At work I replaced a single drive in a HP DL380 RAID 5 array. The drive was only giving SMART 1720 errors (imminent failure) and HP wanted the drive back due to warranty conditions, so the question came up of erasing any data on the drive.

I got conflicting advice – some people said that you would definitely be able to read data off the drive, and other people said that because it was part of a RAID 5 array, it was impossible to reconstruct the array, so the drive could be sent back with no worries. I decided to test how much data could be read from a single drive from a three disk RAID 5 array.

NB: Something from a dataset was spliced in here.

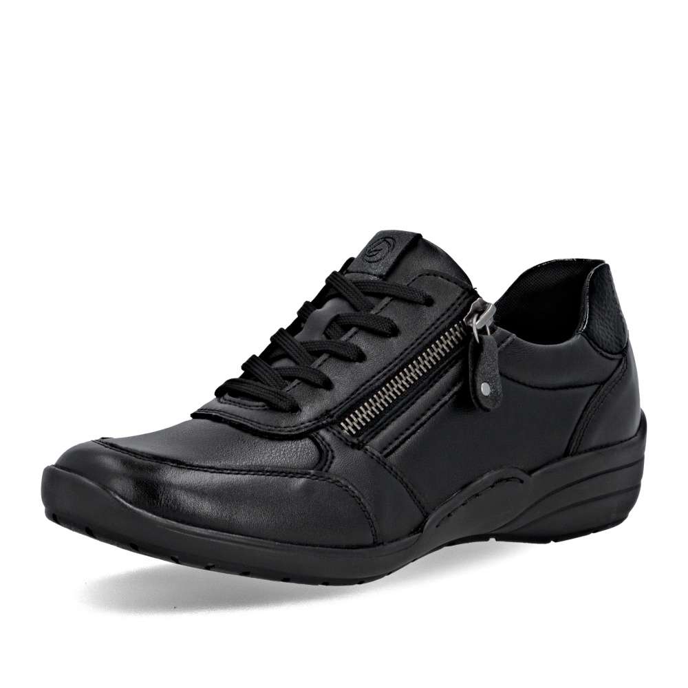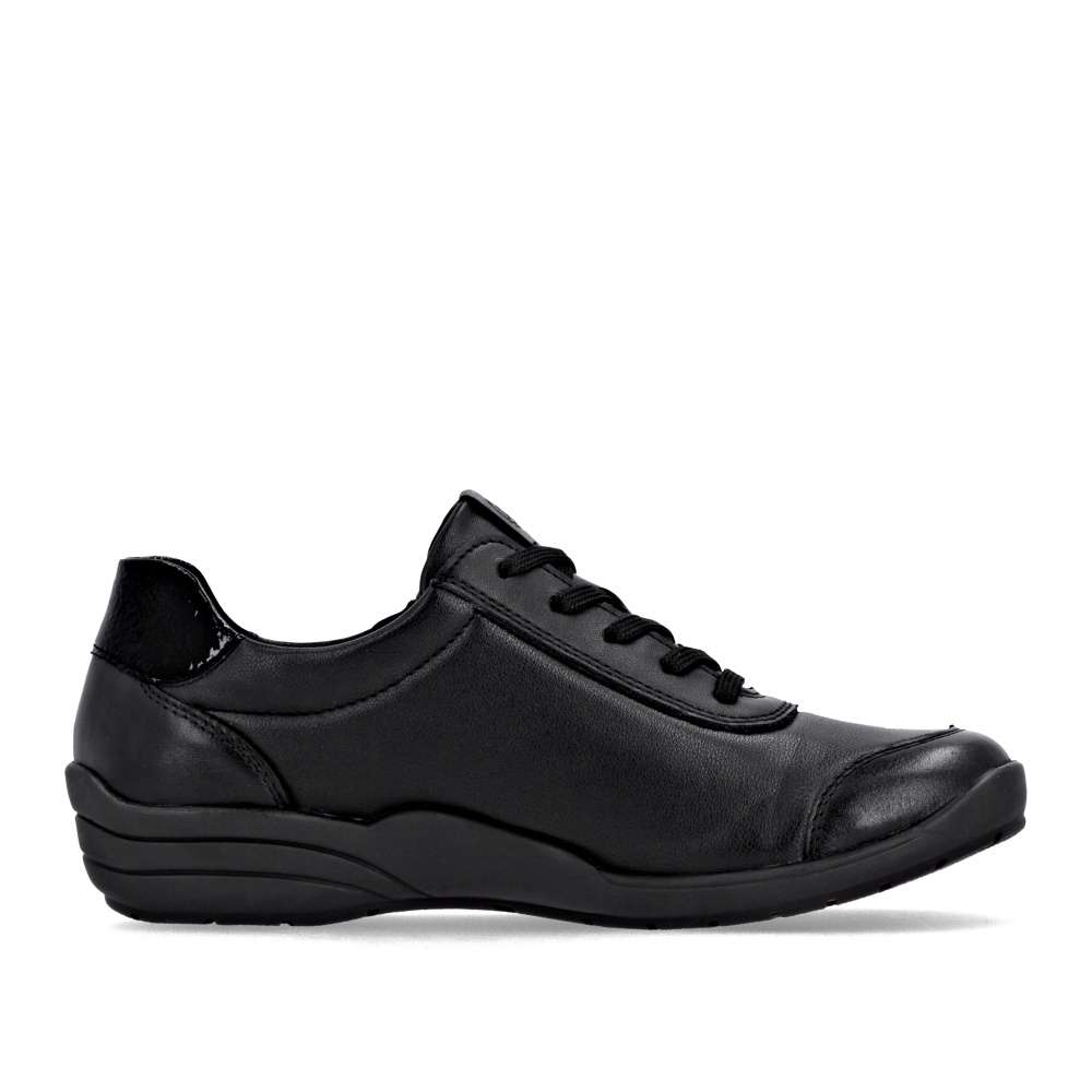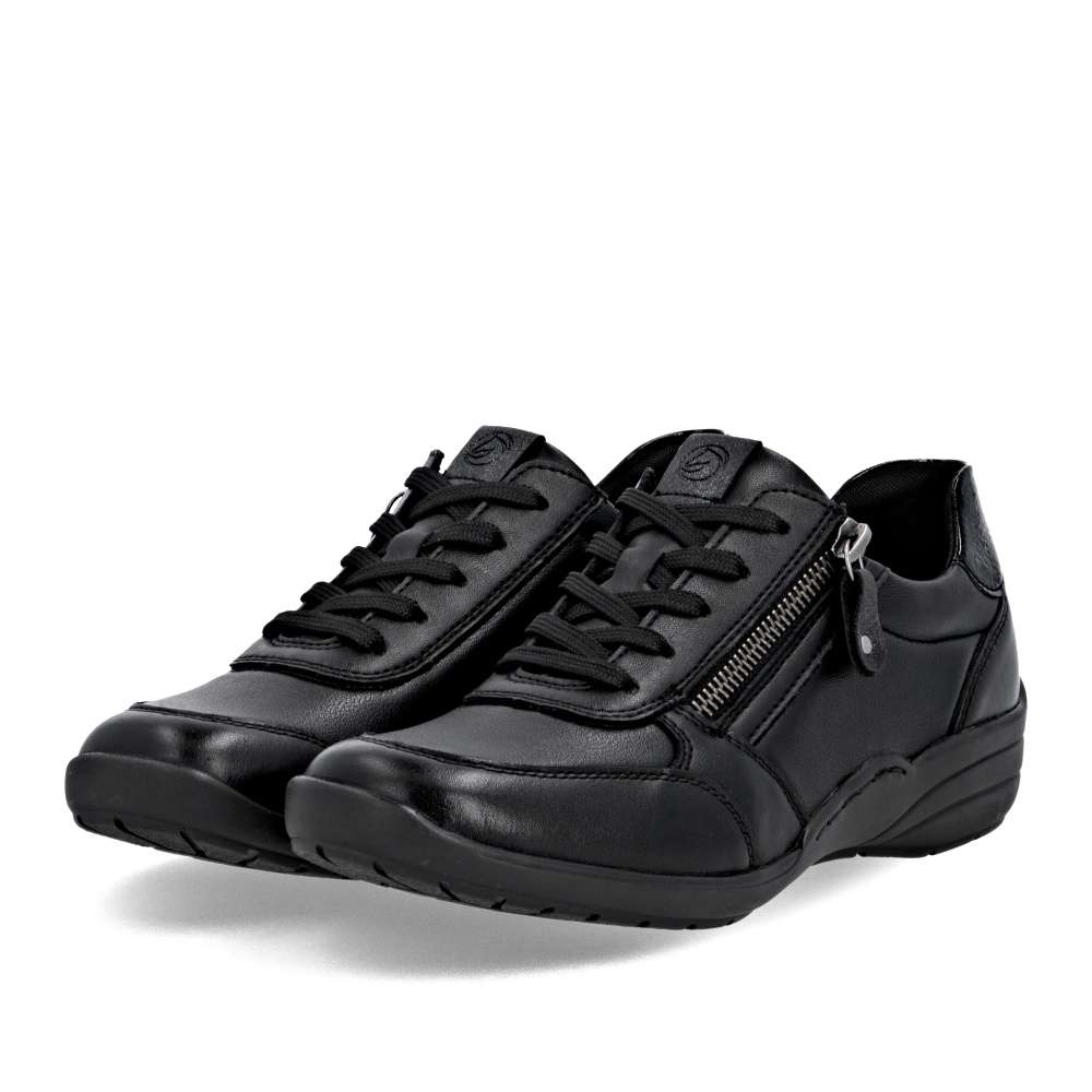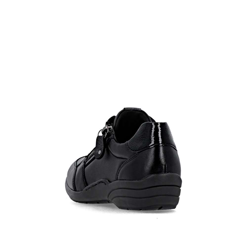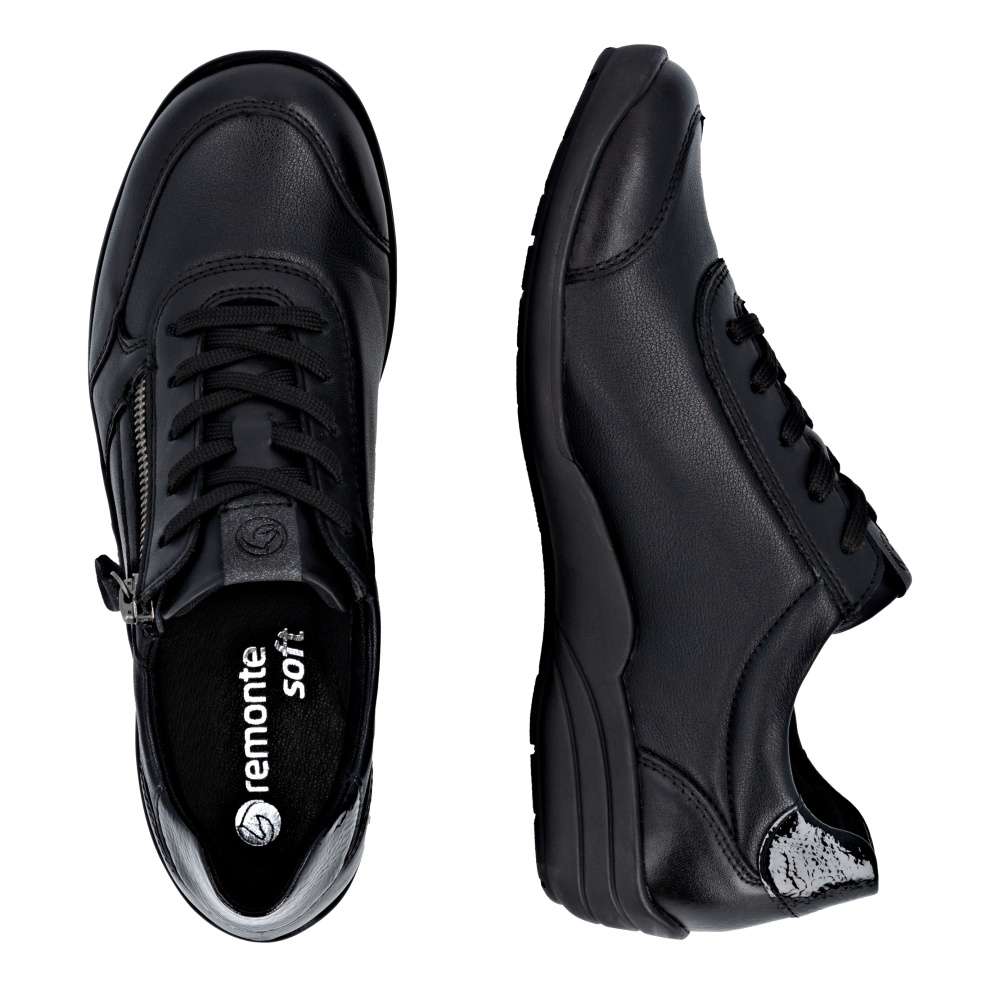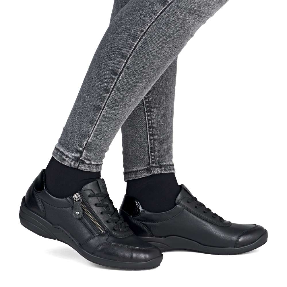 Detailní informace Obuv REMONTE – jedná se o vyšší řadu značky RIEKER, tato obuv se vyznačuje vynikající kombinací svrchních materiálů. Tato dámská teniska značky RIEKER je spojením moderního designu a pohodlí, které oceníte každý den. Černý svršek zdobí zajímavé linie prošití a lesklý prvek v části paty. Praktické šněrování spolu s funkčním zipem na nártu umožňují snadné obutí i individuální přizpůsobení podle potřeby. Celodenní komfort poskytne kožená vyjímatelná stélka. Díky svému jedinečnému vzhledu se tyto tenisky skvěle hodí k různým outfitům – ať už do práce, na nákupy nebo volný čas.

Details of the server: HP DL380, Smart Array P400 controller. The RAID 5 array was configured with two logical volumes.

Details of the drive:

72GB 2.5" Serial Attached SCSI (SAS) SFF
Single Port Hot-Plug 15K HDD
Option Part# 431935-B21
Spare Part# 432321-001
Assembly Part# 431930-002
Model# DH072ABAA6

Due to physical access issues the drive was taken out of the server and installed in a standard desktop PC running Windows XP with a Promise FastTrak TX2650 SAS controller card. After installing the TX2650 drivers the SAS drive was recognised as a standard hard drive using JBOD, so it immediately appeared as a logical drive in Windows XP. Here’s the card and drive (fortunately the TX2650 comes with all the cables that you need):

I ran PhotoRec directly on the SAS drive:

After about two hours PhotoRec finished:

Those recovered files total about 8Gb (the original RAID 5 array contained about 50Gb of data). From our perspective, the best hit is searching for a certain prefix “PATNOK” that we use in files for daily demographics imports:

Each of those 1443 files contains at least one set of patient details (name, address, Medicare number, date of birth, phone number, next of kin, next of kin contact details).

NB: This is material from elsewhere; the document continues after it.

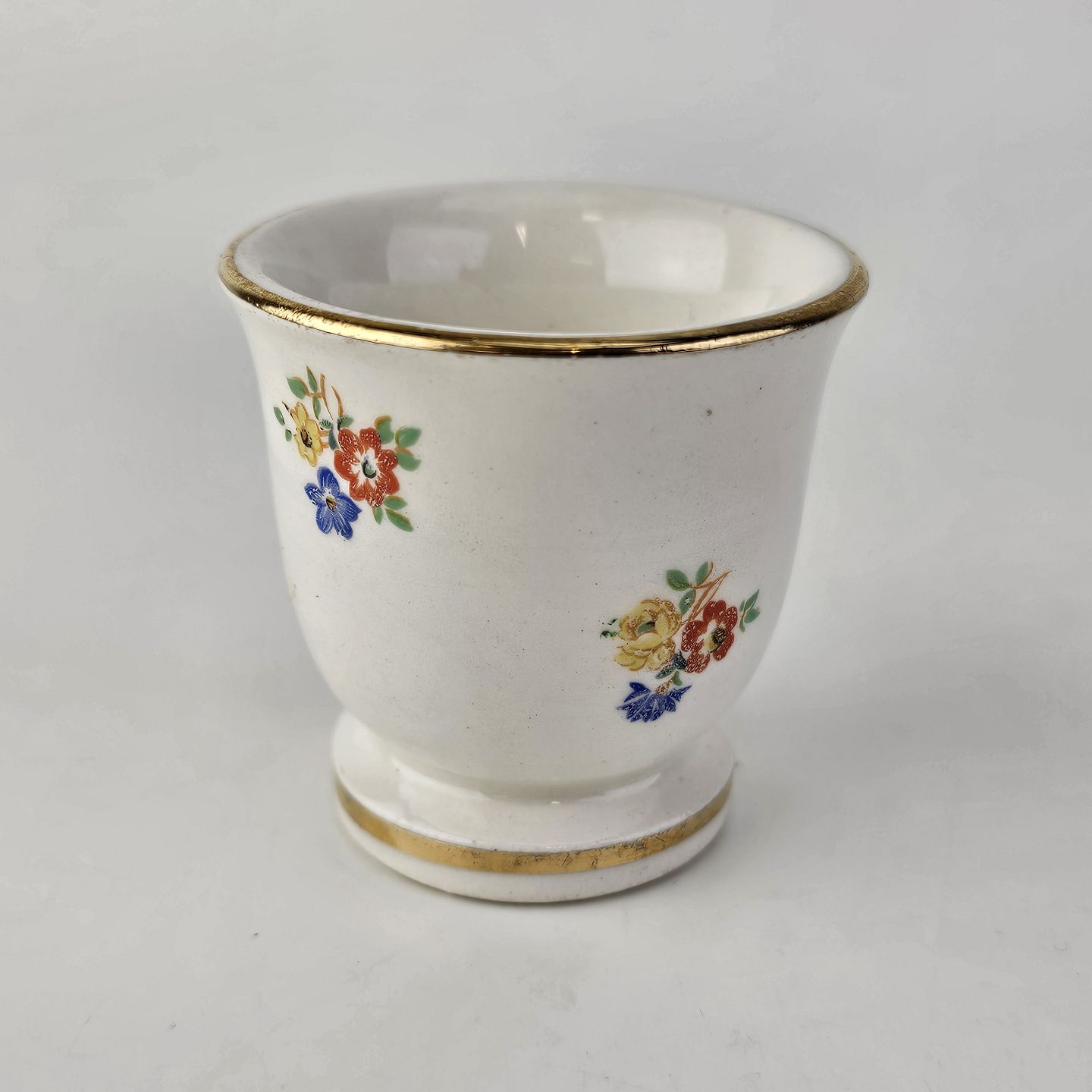 Anna Sofie er hvidt fajance dekoreret med guld kant og små farverige blomster

That’s a clear example of sensitive data coming off a single drive from a RAID 5 array.

The success rate for larger files was pretty low, I suspect due to the fact that data is striped on a RAID 5 disk.

Archived Comments

Date: 2012-08-22 11:20:16 UTC

Author: Pgt

Thanks for sharing

Date: 2013-08-11 20:10:36.618802 UTC

Author: Escondido

Thanks Carlo, this is a great test and great information. Did you actually open up any of the text files to confirm the data was intact?

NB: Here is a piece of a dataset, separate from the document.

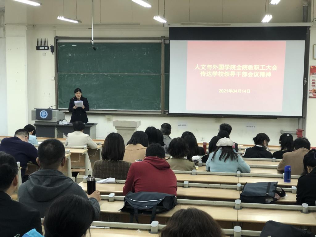4月14日下午,人文与外国语学院在嘉陵江路校区1号教学楼B301召开全院教职工大会,集中传达部署学校中层班子调整会议精神。会议由学院党总支书记王新主持,学院领导班子、全体教职工参加本次会议。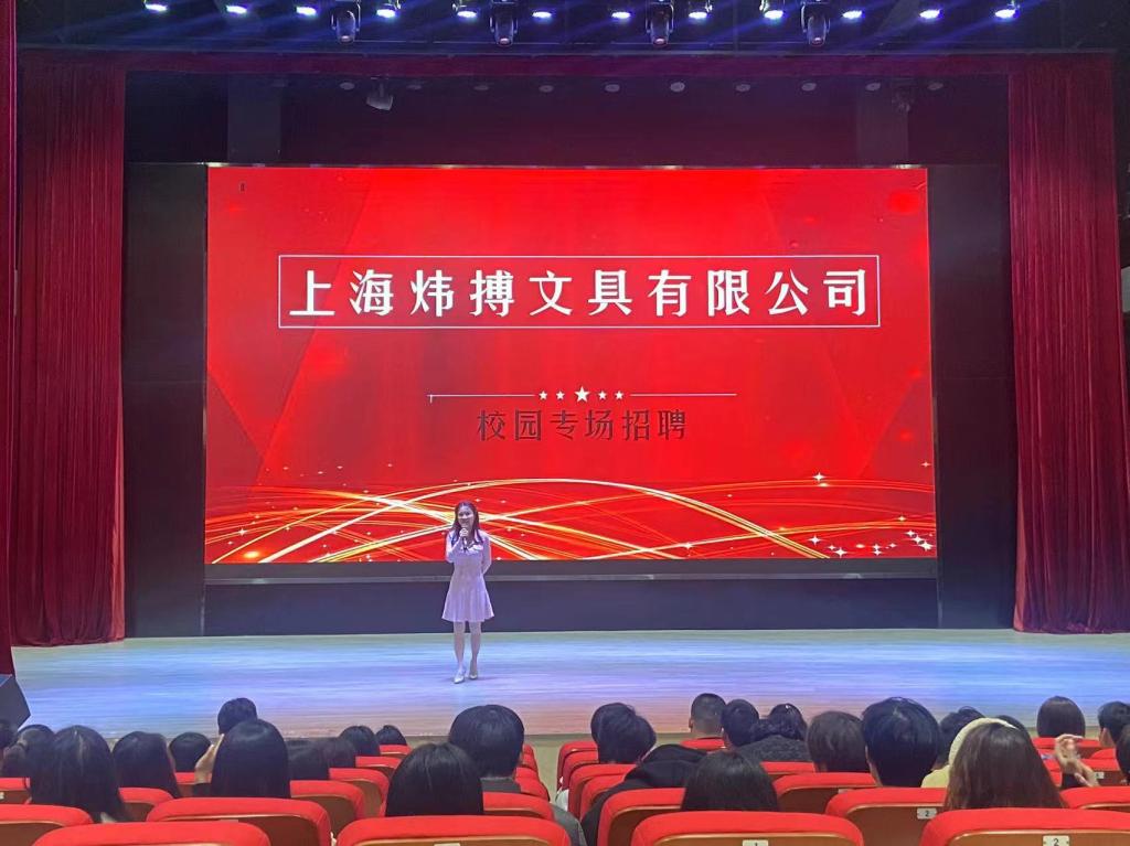 本站讯(国际教育学院 郭学琪 学生记者 周熙睿)为给毕业生提供就职渠道,架起一座学生与企业沟通的桥梁,搭建学生与企业交流的平台,国际教育学院于4月8日下午2点50分在博达楼演艺厅举办上海炜搏文具有限公司专场招聘会, 21级毕业班学生共同参加。

Date: 2013-08-11 20:20:03.180561 UTC

Author: Carlo

Yes, they were intact. From memory, and this is a few years ago, I ran shred on the nearly dead drive to wipe it.

Date: 2013-10-06 12:34:11.421942 UTC

Author: SAM

Thanks man for this wonderful information, U helped me a lot with ur test, I’m having a dell server with SAS raid 5 configuration, one of the hard drivers got failed, by mistake they did something prevented us to complete the normal procedure of replacing the hard drive and to continue with the standard raid 5 features as we all know, so now I’m having the tow remained SAS hard drives & was looking for a way of how to read the contained data till I read ur post here, and as I understood that I can buy the Promise FastTrak TX2650 SAS controller card to attach both hard drives on it to be able to retrieve data,,

Thank U very much and hope I get my data back,,

Date: 2014-03-21 07:47:48.079679 UTC

Author: KETAN

Thanks for sharing Carlo , its huge security risk . I was searching online for quite sometime and fortunately your experiment will help many to conclude that they need additional security to protect data. Kind regards

Date: 2016-08-21 10:12:03.833736 UTC

Author: johnstone

Hey

This looks good information. I would like to know if you were able to retrieve your data from all the disks. another thing does this card work with all types of SAS drives?